> What to produce
Would you transcribe the records below from the line with "When it’s set" to the line with "2. სარგის კაკაბაძეს", ends included, exactly and with nothing more, leaving the pictures out?

> Source records
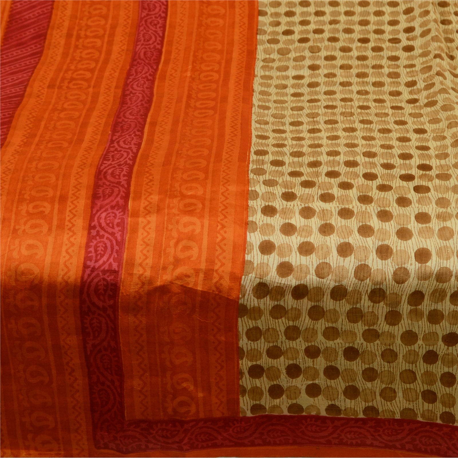 Sanskriti Vintage Sarees Cream & Orange Pure Silk Printed Sari 5yd Craft Sustainable Fabric
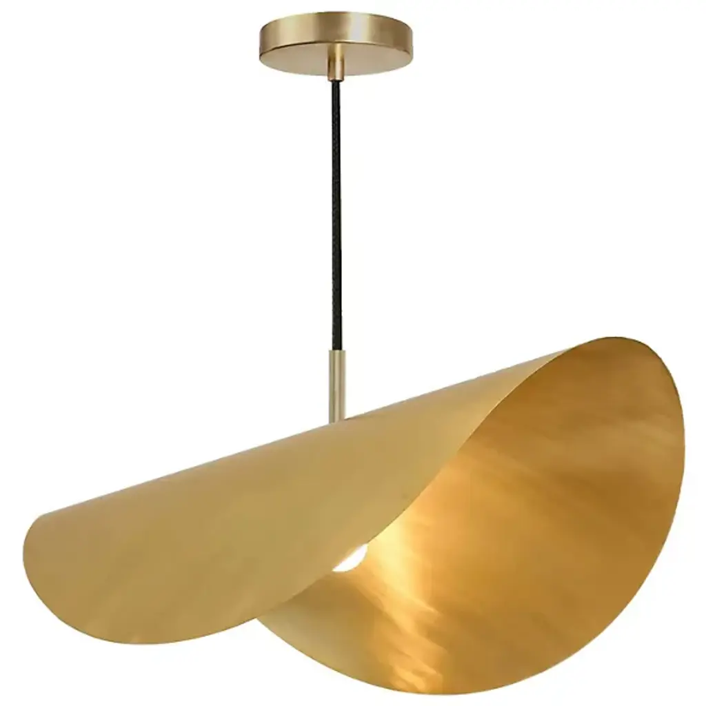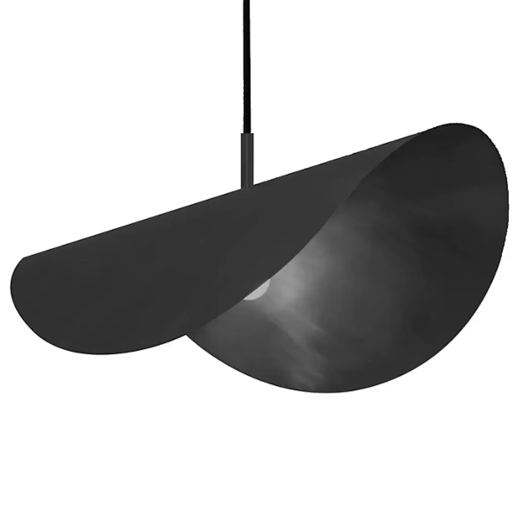 The Moja Pendant from Dounia Home matches traditional Moroccan craftsmanship with modern refinement. Handmade in Morocco, its gracefully curved metal shade echoes the flowing lines of a coastal landscape. A round canopy sends down a slim cable and stem, while the pendant’s disc-like shade gently reflects light below, creating a mix of direct downlight and soft reflected glow. Small imperfections in the hand-finished textures lend each piece unique character and warmth, infusing interiors with artisanal charm.
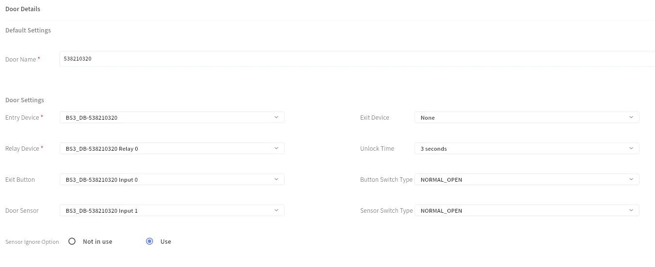 When it’s set to “Use”, door relay switches its status after a lock time regardless of door sensor status. When it’s “Not in Use”, the relay does not switch back when the open door sensor status is detected. This option is necessary to be used to configure a automatic door.
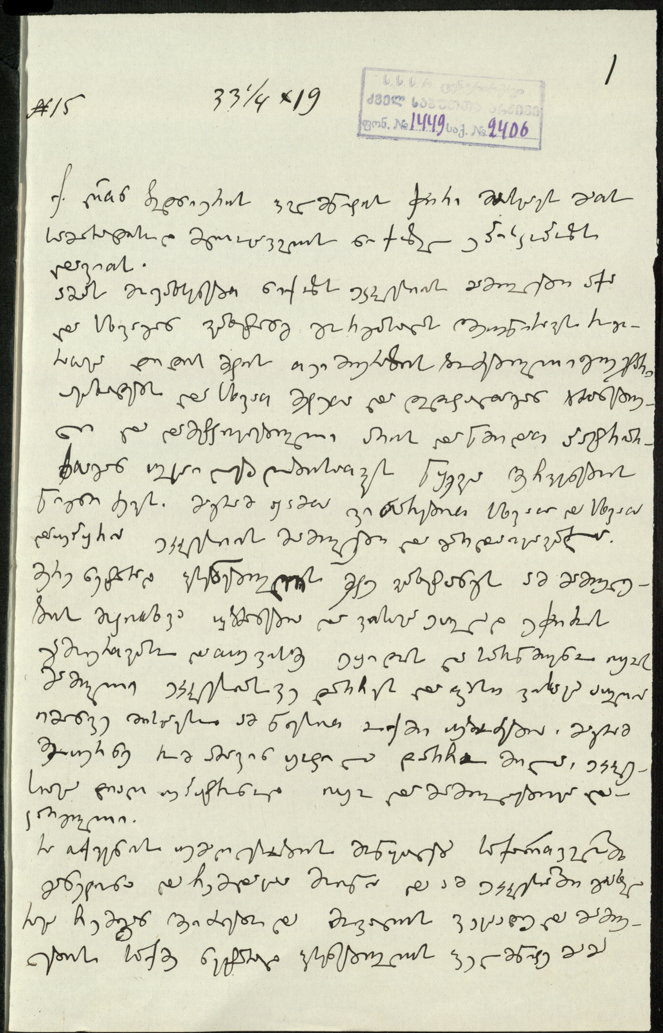 2. სარგის კაკაბაძეს მითითებული აქვს საბუთის დედნის ზომა: 331/4X19 და ძველი საარქივო-სააღრიცხვო ნომერი N15.
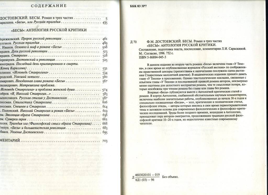 | Описание 1 | «Бесы» — один из самых важных романов Ф. М. Достоевского. Когда уже написаны были «Записки из Мертвого дома», «Записки из подполья», «Преступление и наказание» и «Идиот», Достоевский все еще испытывал острое чувство неудовлетворенности и, по собственному признанию, только подбирался к главному своему произведению, перед которым вся «прежняя литературная карьера — была только дрянь и введение». В процессе мучительно сложной работы над рукописью, злободневная книга, направленная против русского нигилизма, переросла в масштабный роман-трагедию, в котором и сегодня открываются новые философские, нравственные и исторические смыслы. Впервые "Бесы" публикуются вместе с Антологией критических статей о романе |
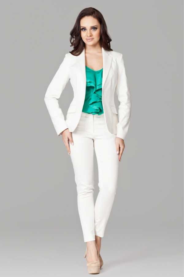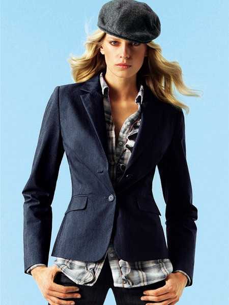 При наличии высокой застежки пиджак может носиться без блузки, но это скорее исключение из принятых правил стиля. Лучше всего подобрать подходящую блузу, которая должна контрастировать по цвету с пиджаком и иметь отложной воротник, который дополнит образ и создаст натуральный классический облик. Современная мода, идущая на упрощение, позволяет надевать под пиджак футболку или майку с небольшим вырезом горловины, обязательно отличающуюся по цвету от пиджака.
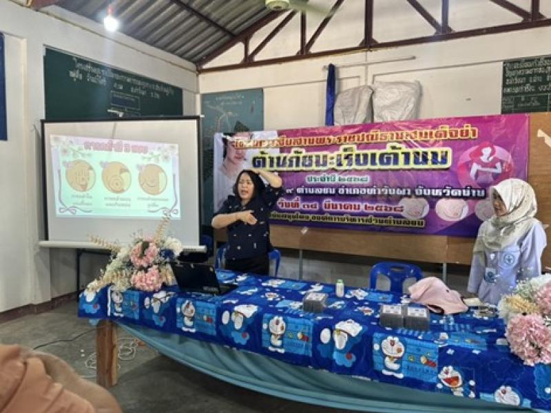 รายละเอียด : วันศุกร์ที่ 14 มีนาคม 2568 บ้านน้ำไคร้ หมู่ที่ 9 ตำบลยม อำเภอท่าวังผา จังหวัดน่าน ดำเนินโครงการสืบสานพระราชปณิธาณสมเด็จย่า ต้านภัยมะเร็งเต้านมโครงการพระราชดำริ ด้านสาธารณสุข ประจำปีงบประมาณ พ.ศ. 2568 โดยได้รับการสนับสนุนงบประมาณจากองค์การบริหารส่วนตำบลยม อำเภอท่าวังผา จังหวัดน่าน

> Answer to this exercise
 When it’s set to “Use”, door relay switches its status after a lock time regardless of door sensor status. When it’s “Not in Use”, the relay does not switch back when the open door sensor status is detected. This option is necessary to be used to configure a automatic door.
 2. სარგის კაკაბაძეს მითითებული აქვს საბუთის დედნის ზომა: 331/4X19 და ძველი საარქივო-სააღრიცხვო ნომერი N15.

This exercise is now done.